The international crude oil price has increased, and the oversupply of international crude oil is gradually easing. Although the rise in oil prices will push up the cost of chemical fiber, it will also provide upward support for the sales prices of downstream chemical fiber products, and the chemical fiber industry is expected to continue to maintain its rapid growth momentum in 2017.
In terms of international market demand, the demand in the international market has grown steadily, but the growth rate will not significantly increase. The global economy continues to recover, consumer confidence improves accordingly, and overall consumer demand will steadily grow. The economic recovery cycle and clothing consumption growth rate are lower than those of durable goods and service expenditures. Consumption in developed countries has generally rebounded with economic recovery. The consumer expenditure structure is relatively stable, and the proportion of clothing, shoes, and hats expenditure remains between 3% and 4%. But in the economic recovery cycle, residents will prefer leisure and entertainment and catering consumption, and expand related expenses. The proportion of clothing consumption will be reduced, and the growth of consumption will also be relatively slow.

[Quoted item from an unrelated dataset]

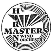
平野マスターズ 吹奏楽団

大阪音楽大学卒業。在学中よりオペラ指揮者として多くの公演を指揮。2001年イタリアに留学。2013年には年間オペラ公演回数が日本人第1位になるなどオペラ指揮者としての地位を確立。管弦楽では京都フィル、大阪響、オペラハウス管、京都市響、関西フィル、名古屋フィル、セントラル愛知響等を客演。さらに Osaka Shion Wind Orchestra、シエナ・ウィンド・オーケストラ等の吹奏楽団との関係も深く、その分野でも注目を集めている。近年はミュージカルにも活動の場を広げ、1999年の「ラ・カージュ・オ・フォル」を皮切りに、「マイ・フェアレディ」、「レ・ミゼラブル」、「キャバレー」等のロングラン公演を成功させライブCD及びDVDを発売。また、岩崎宏美や、夏川りみ、佐々木秀実、といった実力派シンガーとの共演も多く、コンサートでの軽妙なトークも話題となっている。また「浪速のモーツァルト：キダ・タロー」の作品の編曲も手掛け、キダ・タローとのコンサートも話題となっている。その活動の幅は指揮活動だけにとどまらず、オペラ演出、企画構成、さらには作曲、編曲、作詞も手掛け、マルチな才能を発揮。2011年には「岐阜 3000 人の第九」を成功に導くなど、多方面で大きな役割を担っている。2014年には、自身の企画により「ベートーヴェン 振るマラソン！」と題して、一日でベートーヴェンの全交響曲を一人で指揮。そのギネス級の活動には大きな話題となった。2011年東日本大震災を受け、毎年チャリティコンサートを開催。9回の演奏会で5400万円を超える義援金を届けた。クラシック音楽にとらわれない幅広いジャンル、年間100公演近くに及ぶ実績と、繊細且つダイナミックな指揮は、多くのファンを魅了し続けている。現在、春日井市第九演奏会音楽監督、関西音楽人のちから『集』代表、平野マスターズ吹奏楽団音楽監督。

Domestic consumption will steadily increase, with a growth rate basically comparable to 2017. On the one hand, the national economy continues to grow steadily, providing a healthy and favorable economic environment for domestic consumption. On the other hand, residents' income has increased rapidly, their willingness to consume has increased, and consumer finance has developed rapidly, providing positive support for the expansion of domestic demand. The significant upgrading of domestic demand, the increasing demand from consumers for quality, culture, environmental protection, and the rapid development of experiential consumption and sharing economy have all posed new challenges to the optimization of supply institutions in the textile industry.